§ **Task to carry out**: Your answer must be an exact retyping of the line containing "Cărucior ușor din" and every line after it through the end of the records below, with no pictures and nothing else.

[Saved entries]

-*-

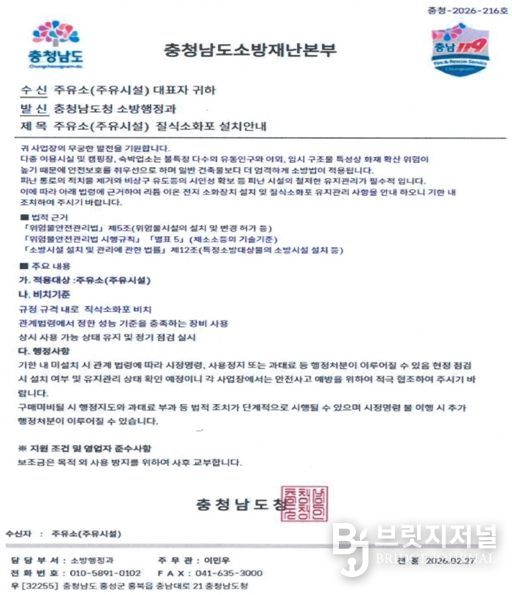 서산소방서는 소방시설 점검이나 안전교육 등 모든 행정 활동은 사전에 공식 공문이나 유선 안내를 통해 진행되며, 현장에서 물품 구매를 강요하거나 금전을 요구하는 경우는 절대 없다고 강조했다.
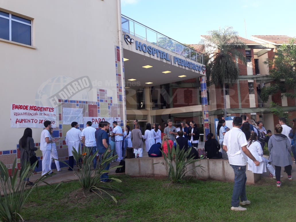 Los médicos residentes de los hospitales de Pediatría, Madariaga, Materno Neonatal, Carrillo y del Samic de Eldorado cumplen el segundo día de paro en reclamo de haberes atrasados, equiparación salarial y aumento del monto que perciben.
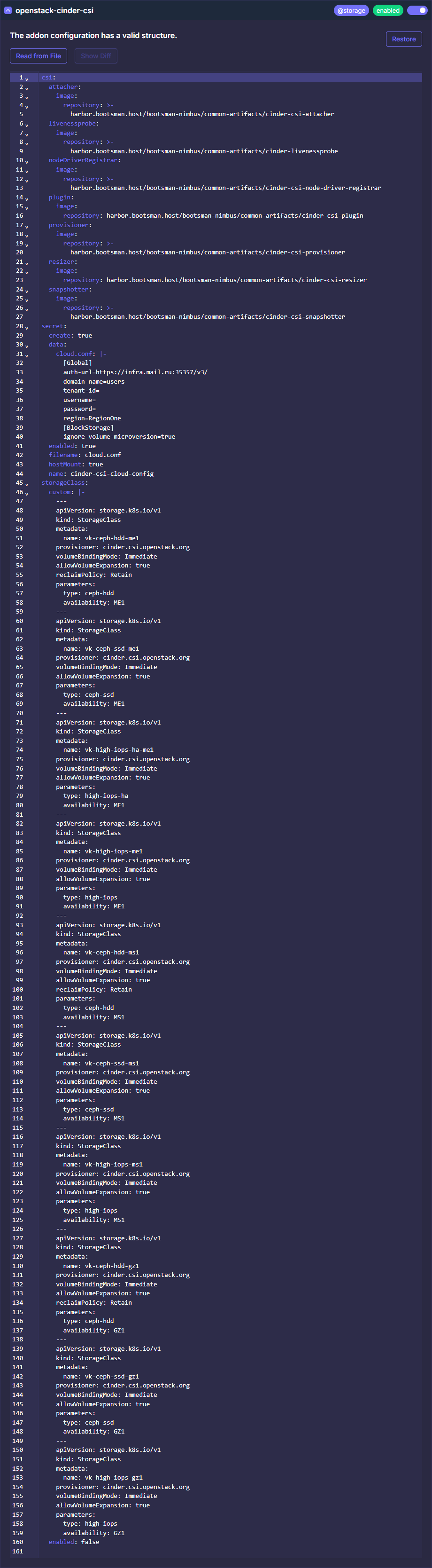 В случае если Openstack Cinder CSI является единственным модулем хранилища данных, добавьте аннотацию в один из блоков StorageClass:
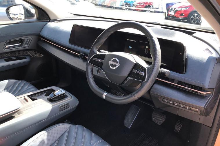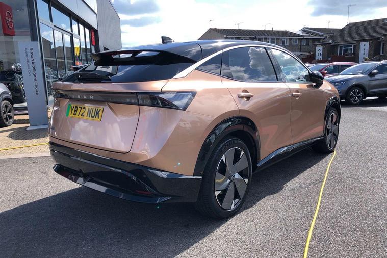This stunning, one owner, Nissan Ariya Evolve E-Force 4WD automatic, comes finished in Akatsuki Copper Metallic. This car comes with a full Nissan Service History, 2 keys, and all owners manuals and service book. Features include satellite navigation with navi link, 360 parking camera, Apple Carplay/Android Auto, adaptive automatic headlights & windscreen wipers, heads up display, wireless charger, heated and cooling seats, windscreen and steering wheel keyless entry and start, rear privacy glass, emergency forward braking, front and rear parking sensors, power folding door mirrors, power tailgate, digital radio (DAB), and much more. Call us today for more information, or to arrange a test drive. Can't make it down to our showroom? Ask us for a personalised video of the vehicle, purchase remotely, and get us to deliver direct to your door..
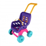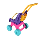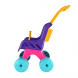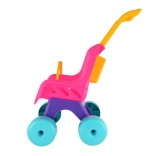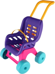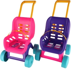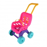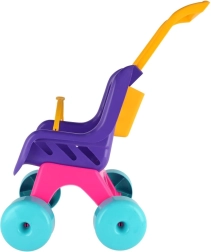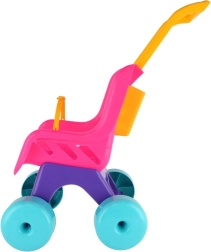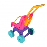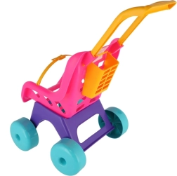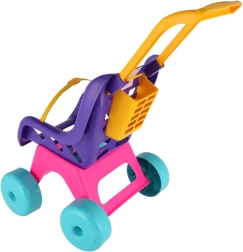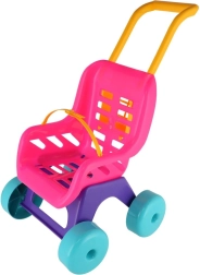 Cărucior ușor din plastic pentru păpuși, cu mâner înalt și roți stabile, ideal pentru joacă atât în casă, cât și afară. Oferă centură de siguranță pentru păpușă, coș practic sub mâner și manipulare facilă datorită greutății reduse și construcției rezistente.
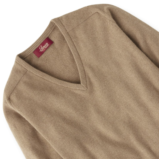 While we offer men's V neck sweaters in a range of materials, our men's cashmere pullover sweater with V-neck is knit in Scotland using premium yarns and remains a best-seller. Also popular are our men's lambswool sweater collection including V-neck jumpers with hand-set v-neck detail. We offer V-neck Merino wool sweater styles made with yarn from Geelong, Australia and knit in Hawick, Scotland. For warmer weather, we offer a Pima cotton v-neck sweater style in a range of colors. Shown is the Camel Hair V-Neck Sweater with Saddle Shoulder in undyed dark natural.

-*-

§ **Response area**:
 Cărucior ușor din plastic pentru păpuși, cu mâner înalt și roți stabile, ideal pentru joacă atât în casă, cât și afară. Oferă centură de siguranță pentru păpușă, coș practic sub mâner și manipulare facilă datorită greutății reduse și construcției rezistente.
 While we offer men's V neck sweaters in a range of materials, our men's cashmere pullover sweater with V-neck is knit in Scotland using premium yarns and remains a best-seller. Also popular are our men's lambswool sweater collection including V-neck jumpers with hand-set v-neck detail. We offer V-neck Merino wool sweater styles made with yarn from Geelong, Australia and knit in Hawick, Scotland. For warmer weather, we offer a Pima cotton v-neck sweater style in a range of colors. Shown is the Camel Hair V-Neck Sweater with Saddle Shoulder in undyed dark natural.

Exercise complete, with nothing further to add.